| From foo@baz Wed Feb 28 16:16:23 CET 2018 |
| From: "Guilherme G. Piccoli" <gpiccoli@linux.vnet.ibm.com> |
| Date: Fri, 22 Dec 2017 13:01:39 -0200 |
| Subject: bnx2x: Improve reliability in case of nested PCI errors |
| |
| From: "Guilherme G. Piccoli" <gpiccoli@linux.vnet.ibm.com> |
| |
| |
| [ Upstream commit f7084059a9cb9e56a186e1677b1dcffd76c2cd24 ] |
| |
| While in recovery process of PCI error (called EEH on PowerPC arch), |
| another PCI transaction could be corrupted causing a situation of |
| nested PCI errors. Also, this scenario could be reproduced with |
| error injection mechanisms (for debug purposes). |
| |
| We observe that in case of nested PCI errors, bnx2x might attempt to |
| initialize its shmem and cause a kernel crash due to bad addresses |
| read from MCP. Multiple different stack traces were observed depending |
| on the point the second PCI error happens. |
| |
| This patch avoids the crashes by: |
| |
| * failing PCI recovery in case of nested errors (since multiple |
| PCI errors in a row are not expected to lead to a functional |
| adapter anyway), and by, |
| |
| * preventing access to adapter FW when MCP is failed (we mark it as |
| failed when shmem cannot get initialized properly). |
| |
| Reported-by: Abdul Haleem <abdhalee@linux.vnet.ibm.com> |
| Signed-off-by: Guilherme G. Piccoli <gpiccoli@linux.vnet.ibm.com> |
| Acked-by: Shahed Shaikh <Shahed.Shaikh@cavium.com> |
| Signed-off-by: David S. Miller <davem@davemloft.net> |
| Signed-off-by: Sasha Levin <alexander.levin@microsoft.com> |
| Signed-off-by: Greg Kroah-Hartman <gregkh@linuxfoundation.org> |
| --- |
| drivers/net/ethernet/broadcom/bnx2x/bnx2x_cmn.c | 4 ++-- |
| drivers/net/ethernet/broadcom/bnx2x/bnx2x_main.c | 14 +++++++++++++- |
| 2 files changed, 15 insertions(+), 3 deletions(-) |
| |
| --- a/drivers/net/ethernet/broadcom/bnx2x/bnx2x_cmn.c |
| +++ b/drivers/net/ethernet/broadcom/bnx2x/bnx2x_cmn.c |
| @@ -2994,7 +2994,7 @@ int bnx2x_nic_unload(struct bnx2x *bp, i |
| |
| del_timer_sync(&bp->timer); |
| |
| - if (IS_PF(bp)) { |
| + if (IS_PF(bp) && !BP_NOMCP(bp)) { |
| /* Set ALWAYS_ALIVE bit in shmem */ |
| bp->fw_drv_pulse_wr_seq |= DRV_PULSE_ALWAYS_ALIVE; |
| bnx2x_drv_pulse(bp); |
| @@ -3076,7 +3076,7 @@ int bnx2x_nic_unload(struct bnx2x *bp, i |
| bp->cnic_loaded = false; |
| |
| /* Clear driver version indication in shmem */ |
| - if (IS_PF(bp)) |
| + if (IS_PF(bp) && !BP_NOMCP(bp)) |
| bnx2x_update_mng_version(bp); |
| |
| /* Check if there are pending parity attentions.

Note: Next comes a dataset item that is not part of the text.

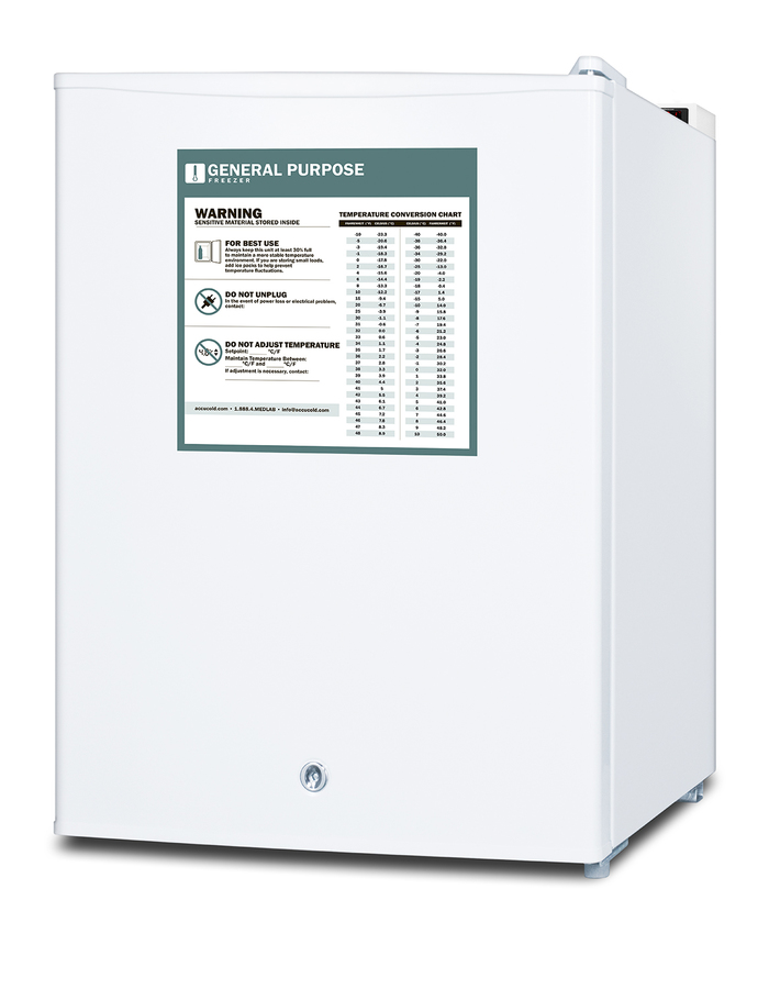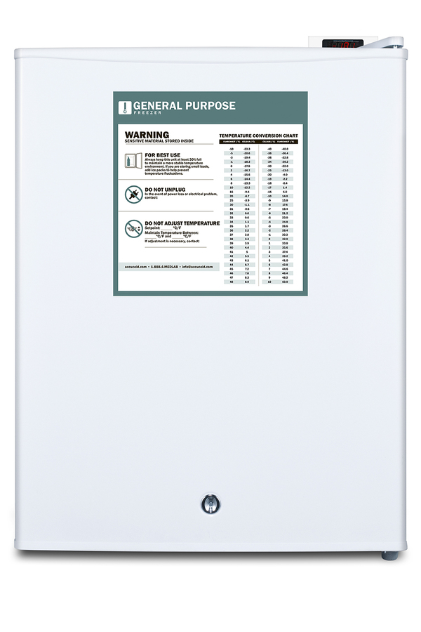 Accucold's series of general purpose freezers include a variety of choices ideal for use in healthcare applications. The FS30LGP is a compact all-freezer designed to offer an improved performance over similarly sized dorm fridges and residential units. This model comes in a white exterior finish with a factory-installed lock on the user-reversible door. A digital thermostat located on the top makes temperature management simple and efficient. This unit is designed for countertop use. Inside, the FS30LGP has a 1.8 cu. ft. capacity providing optimal storage in a compact design. Removable wire shelves provide optimal air circulation ensuring the unit stays cool from top to bottom. A one-piece interior liner makes cleanup easy. This freezer has manual defrost and operates at an average temperature of -20ºC. The FS30LGP is a convenient solution to general purpose cold storage applications. Additional general purpose choices are available as freezers and in undercounter, ADA compliant, and large capacity sizes. Note: Accucold's general purpose series refrigerators are intended for a wide variety of basic storage of non-critical products. For storage of high-value vaccines, life science materials, and medical or clinical biologicals, browse Accucold's Medical & Laboratory or Pharmacy & Vaccine Storage categories, or contact our product specialists to discuss your options at 1-888-4-MED-LAB.

If there are - set |
| --- a/drivers/net/ethernet/broadcom/bnx2x/bnx2x_main.c |
| +++ b/drivers/net/ethernet/broadcom/bnx2x/bnx2x_main.c |
| @@ -9472,6 +9472,15 @@ static int bnx2x_init_shmem(struct bnx2x |
| |
| do { |
| bp->common.shmem_base = REG_RD(bp, MISC_REG_SHARED_MEM_ADDR); |
| + |
| + /* If we read all 0xFFs, means we are in PCI error state and |
| + * should bail out to avoid crashes on adapter's FW reads. |
| + */ |
| + if (bp->common.shmem_base == 0xFFFFFFFF) { |
| + bp->flags |= NO_MCP_FLAG; |
| + return -ENODEV; |
| + } |
| + |
| if (bp->common.shmem_base) { |
| val = SHMEM_RD(bp, validity_map[BP_PORT(bp)]); |
| if (val & SHR_MEM_VALIDITY_MB) |
| @@ -13743,7 +13752,10 @@ static pci_ers_result_t bnx2x_io_slot_re |
| BNX2X_ERR("IO slot reset --> driver unload\n"); |
| |
| /* MCP should have been reset; Need to wait for validity */ |
| - bnx2x_init_shmem(bp); |
| + if (bnx2x_init_shmem(bp)) { |
| + rtnl_unlock(); |
| + return PCI_ERS_RESULT_DISCONNECT; |
| + } |
| |
| if (IS_PF(bp) && SHMEM2_HAS(bp, drv_capabilities_flag)) { |
| u32 v; |